Data under study Start Marker

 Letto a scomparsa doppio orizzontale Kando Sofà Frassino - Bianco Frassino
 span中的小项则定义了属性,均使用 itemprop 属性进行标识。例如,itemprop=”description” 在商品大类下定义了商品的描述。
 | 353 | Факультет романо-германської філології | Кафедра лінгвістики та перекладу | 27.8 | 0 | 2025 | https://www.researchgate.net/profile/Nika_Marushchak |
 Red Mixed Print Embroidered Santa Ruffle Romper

Data under study End Marker
Data under study Start Marker

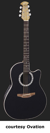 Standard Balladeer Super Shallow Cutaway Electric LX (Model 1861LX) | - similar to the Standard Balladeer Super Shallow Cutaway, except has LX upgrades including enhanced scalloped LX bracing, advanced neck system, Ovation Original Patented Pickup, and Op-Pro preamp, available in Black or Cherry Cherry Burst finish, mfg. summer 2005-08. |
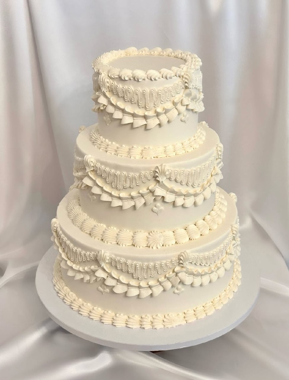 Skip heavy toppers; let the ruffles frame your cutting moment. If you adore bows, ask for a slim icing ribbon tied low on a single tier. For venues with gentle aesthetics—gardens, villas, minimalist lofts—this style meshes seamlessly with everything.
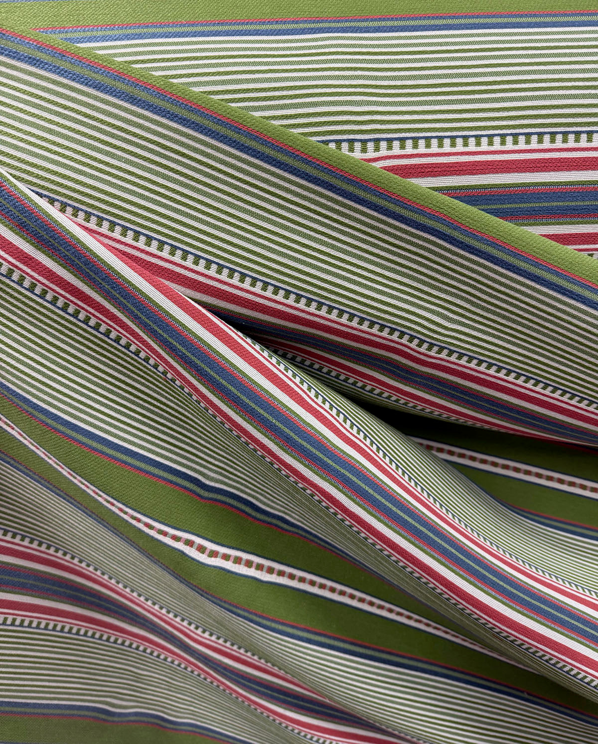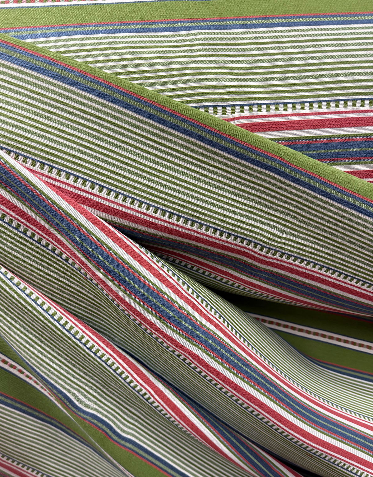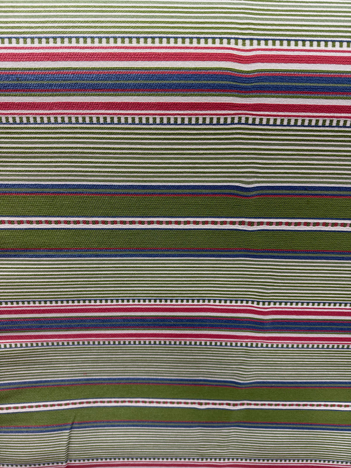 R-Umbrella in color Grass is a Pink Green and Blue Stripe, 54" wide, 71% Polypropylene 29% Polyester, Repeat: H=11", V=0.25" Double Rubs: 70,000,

Data under study End Marker
Data under study Start Marker

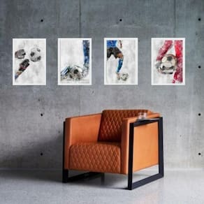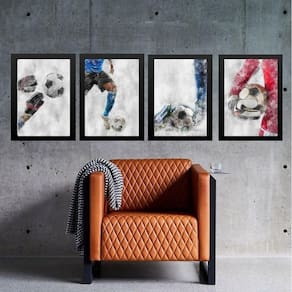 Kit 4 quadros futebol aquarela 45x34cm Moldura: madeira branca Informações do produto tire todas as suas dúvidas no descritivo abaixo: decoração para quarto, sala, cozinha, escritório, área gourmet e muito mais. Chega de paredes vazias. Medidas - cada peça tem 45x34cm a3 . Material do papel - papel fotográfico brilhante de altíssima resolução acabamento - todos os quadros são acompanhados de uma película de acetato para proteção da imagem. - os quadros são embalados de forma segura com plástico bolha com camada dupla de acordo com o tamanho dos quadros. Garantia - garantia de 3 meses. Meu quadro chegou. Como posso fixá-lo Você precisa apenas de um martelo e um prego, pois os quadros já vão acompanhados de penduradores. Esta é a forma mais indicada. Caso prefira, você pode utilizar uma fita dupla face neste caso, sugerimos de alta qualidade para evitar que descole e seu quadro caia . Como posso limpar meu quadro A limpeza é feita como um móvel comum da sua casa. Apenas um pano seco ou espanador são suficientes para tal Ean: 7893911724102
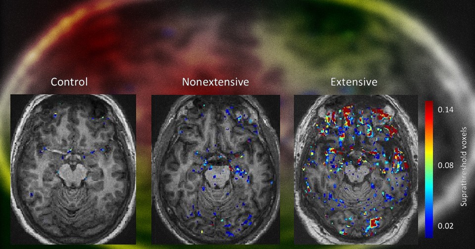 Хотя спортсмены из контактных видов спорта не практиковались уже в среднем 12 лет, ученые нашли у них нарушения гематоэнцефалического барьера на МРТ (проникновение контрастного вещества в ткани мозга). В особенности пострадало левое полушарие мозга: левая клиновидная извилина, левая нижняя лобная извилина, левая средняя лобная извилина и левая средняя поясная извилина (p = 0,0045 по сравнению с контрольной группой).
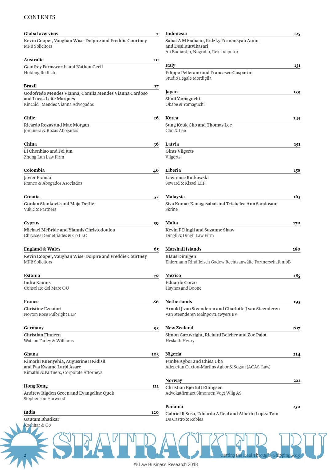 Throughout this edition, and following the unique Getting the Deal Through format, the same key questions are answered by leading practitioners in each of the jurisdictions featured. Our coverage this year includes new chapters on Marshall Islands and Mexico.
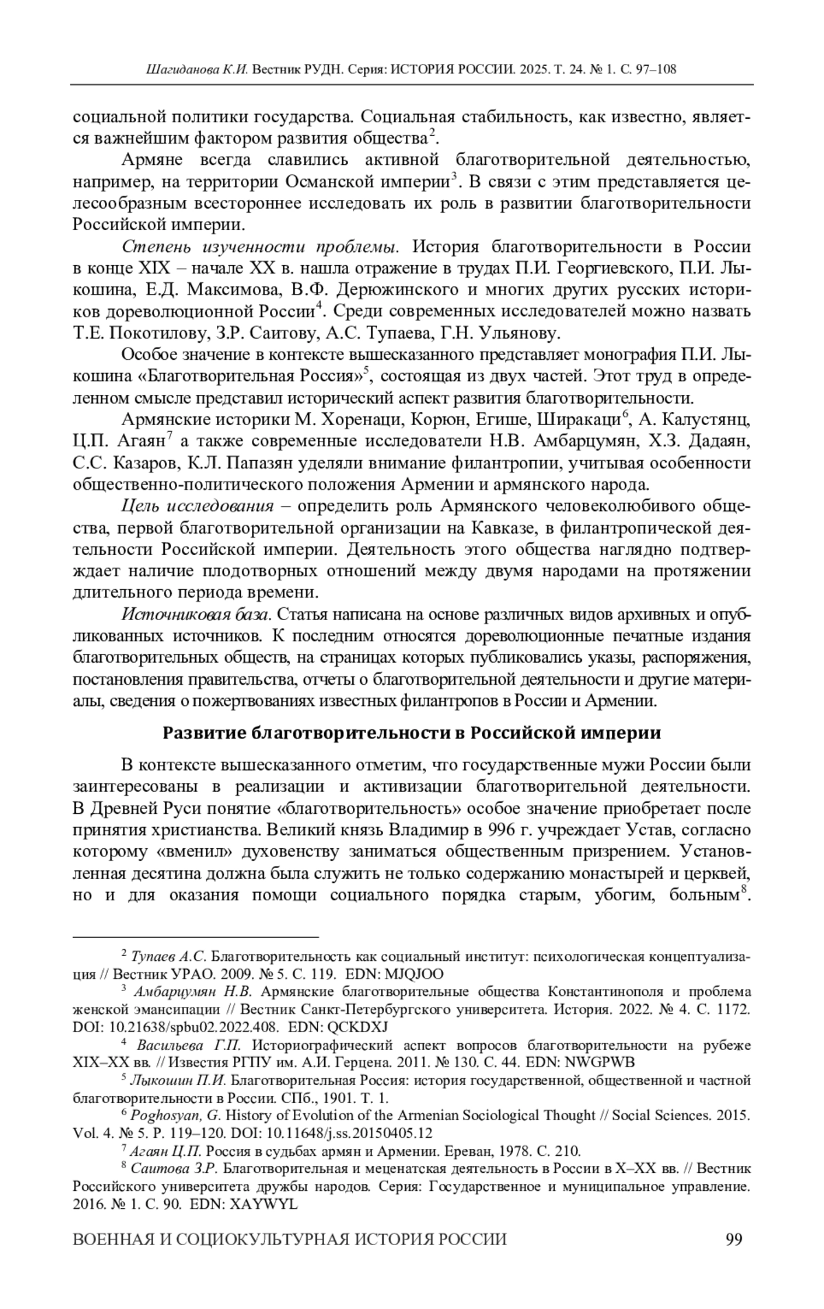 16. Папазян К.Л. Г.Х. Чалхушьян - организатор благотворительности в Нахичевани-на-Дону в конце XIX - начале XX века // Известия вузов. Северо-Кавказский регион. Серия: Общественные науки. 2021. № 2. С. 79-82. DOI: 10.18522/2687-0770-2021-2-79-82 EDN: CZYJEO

Data under study End Marker

◆ Task item: From the data above, output exactly the lines between the one containing "Letto a scomparsa" and the one containing "Red Mixed Print", counting both of them.

◆ Solution for this task:
 Letto a scomparsa doppio orizzontale Kando Sofà Frassino - Bianco Frassino
 span中的小项则定义了属性,均使用 itemprop 属性进行标识。例如,itemprop=”description” 在商品大类下定义了商品的描述。
 | 353 | Факультет романо-германської філології | Кафедра лінгвістики та перекладу | 27.8 | 0 | 2025 | https://www.researchgate.net/profile/Nika_Marushchak |
 Red Mixed Print Embroidered Santa Ruffle Romper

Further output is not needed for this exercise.